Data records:
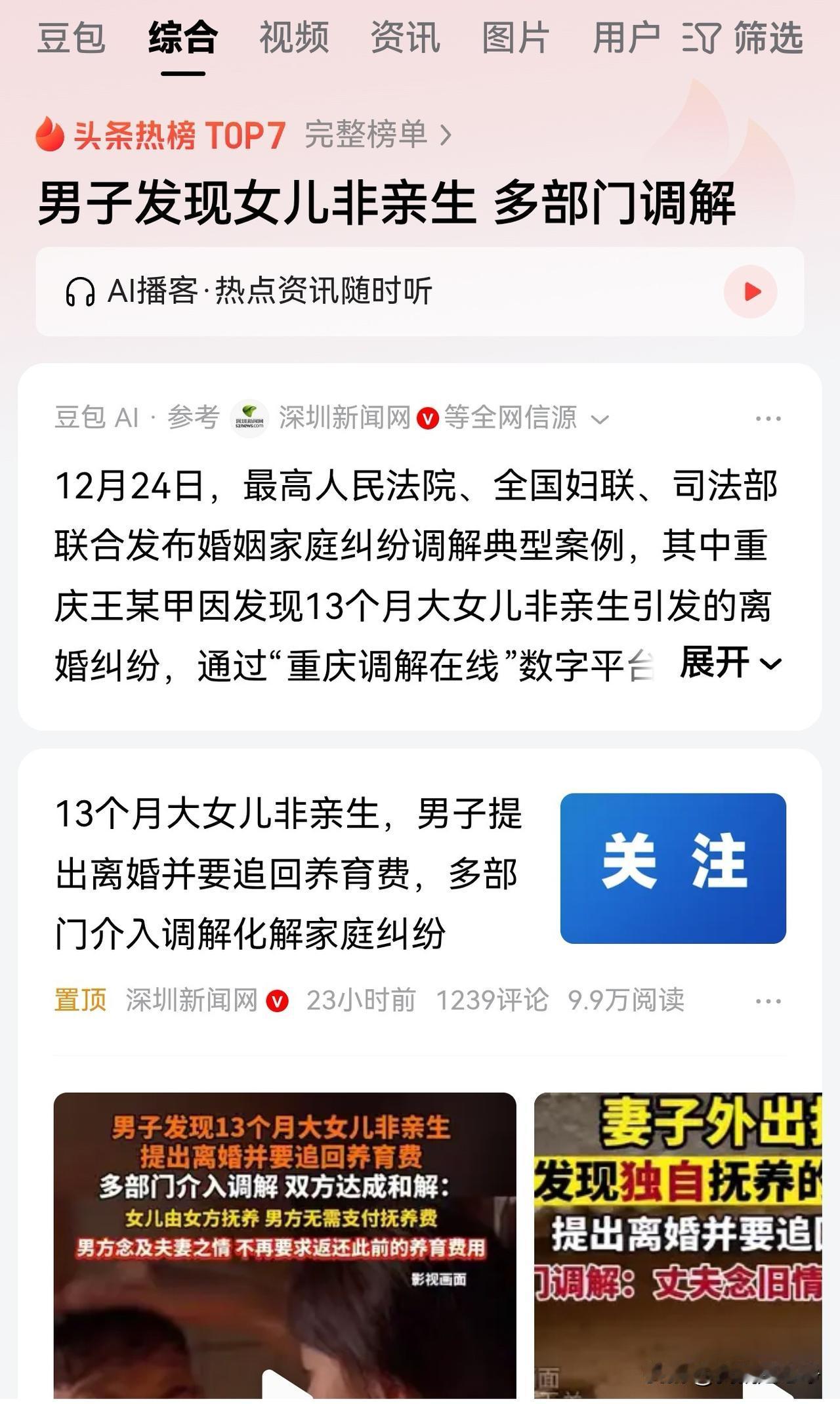 这个新闻我真的是看不懂了。 一名男子发现女儿不是亲生的要求离婚,并追回养育费。 然后多部门介入调解,化解家庭纠纷。 这些文字我都认识,怎么凑在一起。我全都不明白了呢? 你们这些部门到底想要调节什么呢? 让这个男的把绿帽子戴到底吗? 还是说要让这个男的一辈子抚养这个不是自己的孩子? 很奇怪啊,为什么要调节,你到底要调节什么? 这个男的有什么十恶不赦的诉求吗? 这个男的有任何行为犯法了吗? 他也没有打人,也没有杀人。 不就是要个离婚吗? 你们这么多部门到底去调节什么呢? 就非逼着这个男的把绿帽子戴正了然后一辈子当王八给别人养孩子? 然后你们这些有关部门就开心了,这就是你们的政绩业绩了? 这个新闻那真没法说了。 所有的字我都认识,抱在一起可就不理解了。
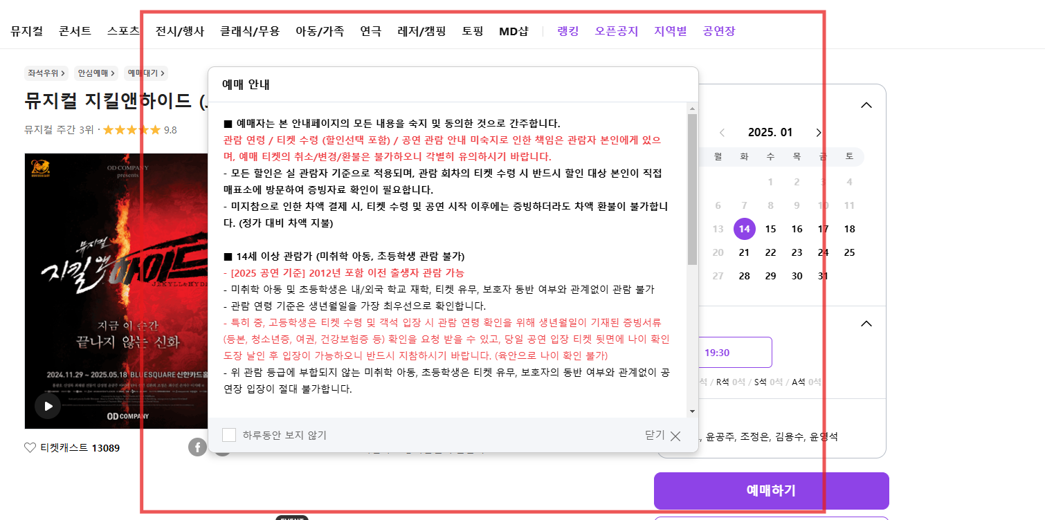 공연 예매 페이지 별로 아래 사진과 같이 예매 안내 팝업이 뜨는 경우가 있음.
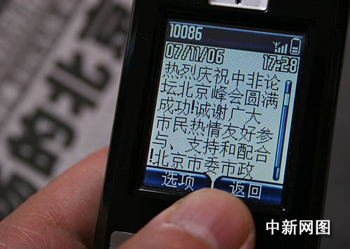 在中非合作论坛北京峰会圆满结束后,北京市官方十一月七日以短信方式感谢全体市民的热情友好参与和配合。北京市政府官员表示,中非论坛是市民参与城市管理,共同努力缓解和解决北京在大型活动期间交通等诸多问题的成功典范。 中新网图 余瑞冬摄
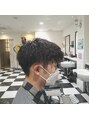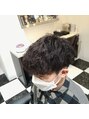 刈り上げツーブロックですっきりとさせ、トップはやや重めのにカットツイストスパイラルは細かく緩めにし程よい束感とウェーブに
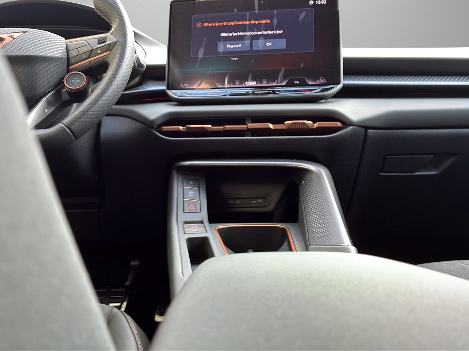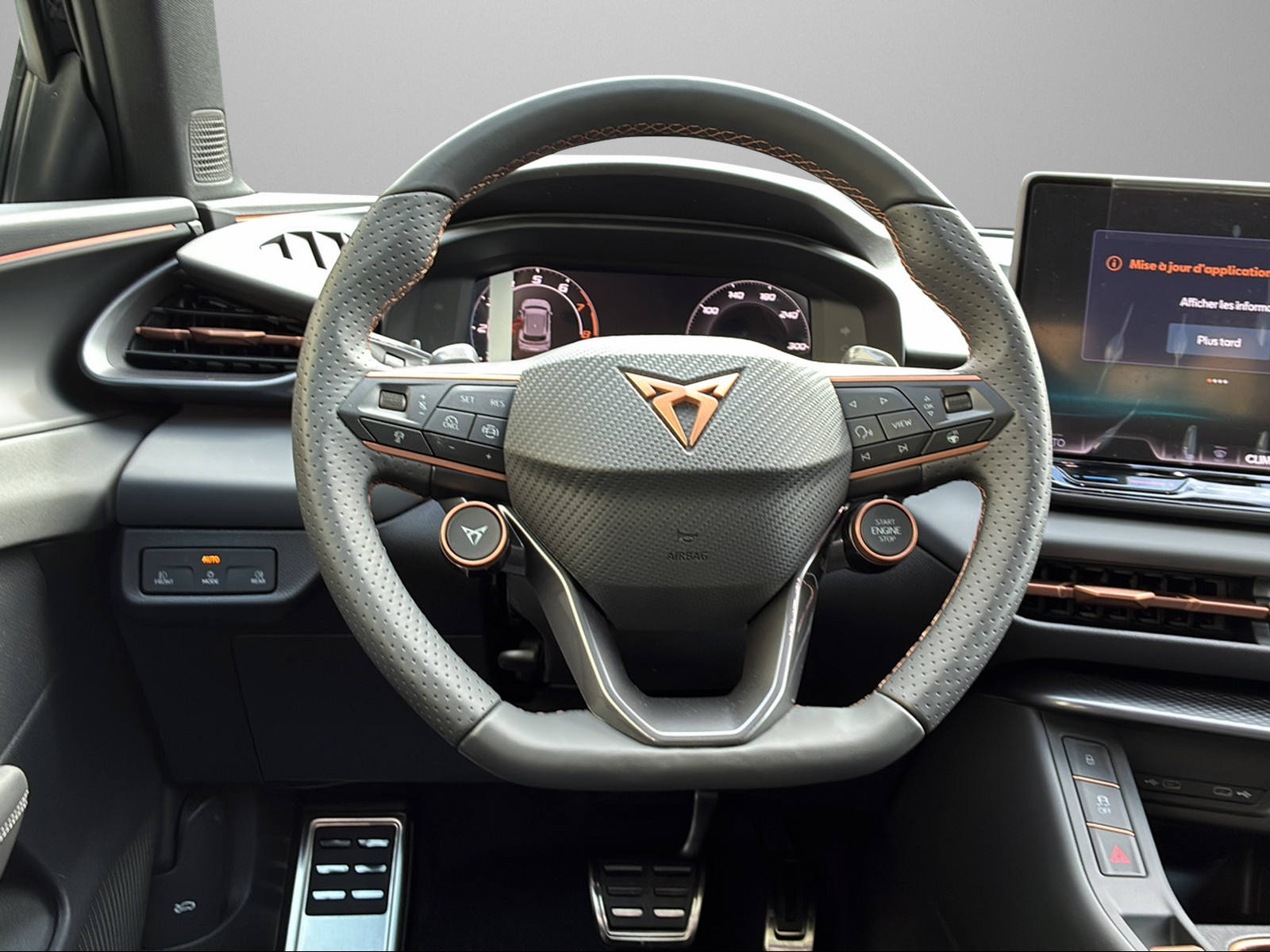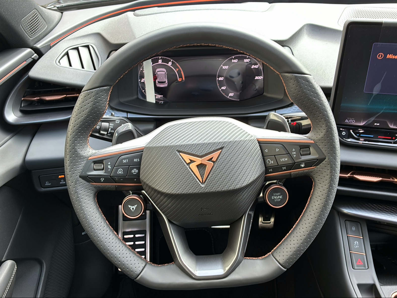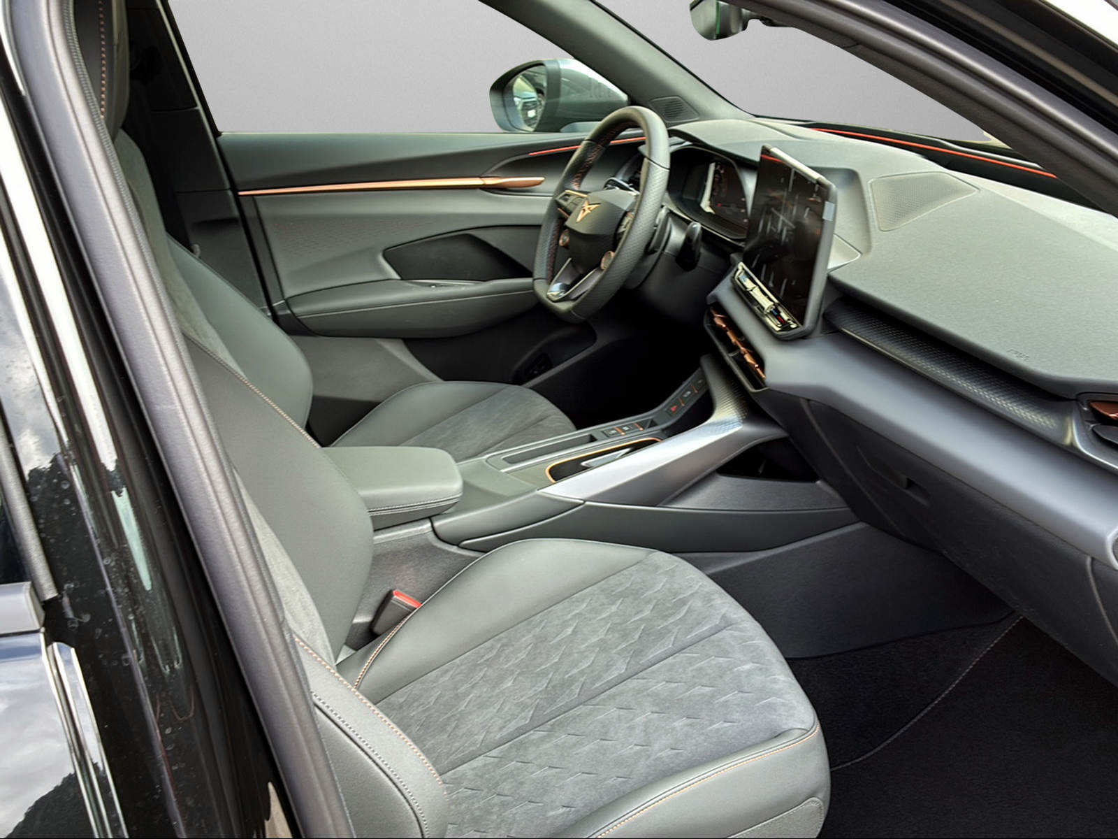 3-Punkt-Sicherheitsgurte auf allen Plätzen ABS, EBV elektronische Bremskraft-verteilung Airbag: Airbag Beifahrer deaktivierbar Airbag: Airbag Fahrer und Beifahrer Airbag: Kopfairbags vorne und hinten Airbag: Seitenairbags für Fahrer und Beifahrer Assist: Aufmerksamkeits- und Müdigkeitserkennung (ADA) Assist: Ausweichunterstützung / Abbiegeassistent Assist: City Notbremsfunktion Assist: Einparkhilfe vorne und hinten mit Rückfahrkamera Assist: Elektronische Parkbremse mit Auto Hold Funktion Assist: Lane assist (Spurhalteassistent) Assist: Multifunktionskamera Assist: Multikollisionsbremse Assist: Prädiktive Speedlimiter Assist: Traffic sign recognition (Verkehrszeichenerkennung) Assist: Umfeldüberwachungssystem "Front-Assist" Aussenspiegel mit LED-Umfeldbeleuchtung Beleuchtete Sonnenblende links mit abdeckbarem Spiegel und Lasche, rechts mit abdeckbarem Spiegel Capteur de pluie et lumière ESC mit EBA, DSR, XDS und Reifendruckkontrolle Elektrische Fensterheber vorne und hinten mit Komfortschaltung und Einklemmschutz Fahrwerk: CUPRA Sportfahrwerk Fahrwerk: Progressivlenkung Full Digital Cockpit 10.25" Garantie: CUPRA Prolongation de garantie constructeur pour les 3ème, 4ème et 5ème années / Garantie: Cupra 12 ans de garantie contre perforation de la carrosserie Garantie: Cupra 2 ans de garantie, kilométrage illimité Garantie: Cupra 3 ans de garantie pour la peinture Heckscheiben-Wisch-/Waschanlage mit Intervall Lackierung: Uni-Lackierung Licht: Drittes Bremslicht Licht: Durchgehende Full LED-Heckleuchten Licht: LED Heckleuchten mit beleuchtetem 3D CUPRA Logo Licht: LED-Heckleuchten mit dynamischem Blinklicht Licht: LED-Nebelscheinwerfer mit Cornering-Funktion Licht: LED-Scheinwerfer für Abblend- und Fernlicht Licht: Leuchtweitenregulierung dynamisch Licht: Nebelschlussleuchte Media: 12,9" Infotainment (MIB3) Media: 2 USB C Anschlüsse hinten und vorne Media: CUPRA Navigationssystem Media: DAB+ (Digital Audio Broadcasting) Media: Mobiltelefon Freisprechanlage Bluetooth Mittelarmlehne vorne und hinten Mèdias: CUPRA Connect Remote & Access / CUPRA Connect Safety & Services Mèdias: CUPRA Connectivity Box Pyrotechnische Gurtstraffer und Gurtkraftbegrenzer Roues: Alufelgen 8J x 18", "ATOMIC" usiné en Dark Shadow Räder: Reifendruckkontrollsystem Rétroviseur intérieur anti-éblouissement Servolenkung mit geschwindigkeitsabhängiger Lenkkraftunterstützung Sitze: 3 verstellbare Kopfstützen hinten Sitze: Geteilt abklappbare Rücksitzlehne 1/3 - 2/3 Sitze: Kindersitzverankerung ISOFIX hinten Sitze: Vordersitze höhenverstellbar mit Lendenwirbelstütze Stopp - Start- und Rekuperationssystem Tapis de sol avant et arrière Wegfahrsperre elektronisch Zentralverriegelung mit Funkfernbedienung, 2 Funkschlüssel

[REQUIRED ACTION]: Would you please repeat all the data word for word, but without the pictures?

[REPLY]:
 这个新闻我真的是看不懂了。 一名男子发现女儿不是亲生的要求离婚,并追回养育费。 然后多部门介入调解,化解家庭纠纷。 这些文字我都认识,怎么凑在一起。我全都不明白了呢? 你们这些部门到底想要调节什么呢? 让这个男的把绿帽子戴到底吗? 还是说要让这个男的一辈子抚养这个不是自己的孩子? 很奇怪啊,为什么要调节,你到底要调节什么? 这个男的有什么十恶不赦的诉求吗? 这个男的有任何行为犯法了吗? 他也没有打人,也没有杀人。 不就是要个离婚吗? 你们这么多部门到底去调节什么呢? 就非逼着这个男的把绿帽子戴正了然后一辈子当王八给别人养孩子? 然后你们这些有关部门就开心了,这就是你们的政绩业绩了? 这个新闻那真没法说了。 所有的字我都认识,抱在一起可就不理解了。
 공연 예매 페이지 별로 아래 사진과 같이 예매 안내 팝업이 뜨는 경우가 있음.
 在中非合作论坛北京峰会圆满结束后,北京市官方十一月七日以短信方式感谢全体市民的热情友好参与和配合。北京市政府官员表示,中非论坛是市民参与城市管理,共同努力缓解和解决北京在大型活动期间交通等诸多问题的成功典范。 中新网图 余瑞冬摄
 刈り上げツーブロックですっきりとさせ、トップはやや重めのにカットツイストスパイラルは細かく緩めにし程よい束感とウェーブに
 3-Punkt-Sicherheitsgurte auf allen Plätzen ABS, EBV elektronische Bremskraft-verteilung Airbag: Airbag Beifahrer deaktivierbar Airbag: Airbag Fahrer und Beifahrer Airbag: Kopfairbags vorne und hinten Airbag: Seitenairbags für Fahrer und Beifahrer Assist: Aufmerksamkeits- und Müdigkeitserkennung (ADA) Assist: Ausweichunterstützung / Abbiegeassistent Assist: City Notbremsfunktion Assist: Einparkhilfe vorne und hinten mit Rückfahrkamera Assist: Elektronische Parkbremse mit Auto Hold Funktion Assist: Lane assist (Spurhalteassistent) Assist: Multifunktionskamera Assist: Multikollisionsbremse Assist: Prädiktive Speedlimiter Assist: Traffic sign recognition (Verkehrszeichenerkennung) Assist: Umfeldüberwachungssystem "Front-Assist" Aussenspiegel mit LED-Umfeldbeleuchtung Beleuchtete Sonnenblende links mit abdeckbarem Spiegel und Lasche, rechts mit abdeckbarem Spiegel Capteur de pluie et lumière ESC mit EBA, DSR, XDS und Reifendruckkontrolle Elektrische Fensterheber vorne und hinten mit Komfortschaltung und Einklemmschutz Fahrwerk: CUPRA Sportfahrwerk Fahrwerk: Progressivlenkung Full Digital Cockpit 10.25" Garantie: CUPRA Prolongation de garantie constructeur pour les 3ème, 4ème et 5ème années / Garantie: Cupra 12 ans de garantie contre perforation de la carrosserie Garantie: Cupra 2 ans de garantie, kilométrage illimité Garantie: Cupra 3 ans de garantie pour la peinture Heckscheiben-Wisch-/Waschanlage mit Intervall Lackierung: Uni-Lackierung Licht: Drittes Bremslicht Licht: Durchgehende Full LED-Heckleuchten Licht: LED Heckleuchten mit beleuchtetem 3D CUPRA Logo Licht: LED-Heckleuchten mit dynamischem Blinklicht Licht: LED-Nebelscheinwerfer mit Cornering-Funktion Licht: LED-Scheinwerfer für Abblend- und Fernlicht Licht: Leuchtweitenregulierung dynamisch Licht: Nebelschlussleuchte Media: 12,9" Infotainment (MIB3) Media: 2 USB C Anschlüsse hinten und vorne Media: CUPRA Navigationssystem Media: DAB+ (Digital Audio Broadcasting) Media: Mobiltelefon Freisprechanlage Bluetooth Mittelarmlehne vorne und hinten Mèdias: CUPRA Connect Remote & Access / CUPRA Connect Safety & Services Mèdias: CUPRA Connectivity Box Pyrotechnische Gurtstraffer und Gurtkraftbegrenzer Roues: Alufelgen 8J x 18", "ATOMIC" usiné en Dark Shadow Räder: Reifendruckkontrollsystem Rétroviseur intérieur anti-éblouissement Servolenkung mit geschwindigkeitsabhängiger Lenkkraftunterstützung Sitze: 3 verstellbare Kopfstützen hinten Sitze: Geteilt abklappbare Rücksitzlehne 1/3 - 2/3 Sitze: Kindersitzverankerung ISOFIX hinten Sitze: Vordersitze höhenverstellbar mit Lendenwirbelstütze Stopp - Start- und Rekuperationssystem Tapis de sol avant et arrière Wegfahrsperre elektronisch Zentralverriegelung mit Funkfernbedienung, 2 Funkschlüssel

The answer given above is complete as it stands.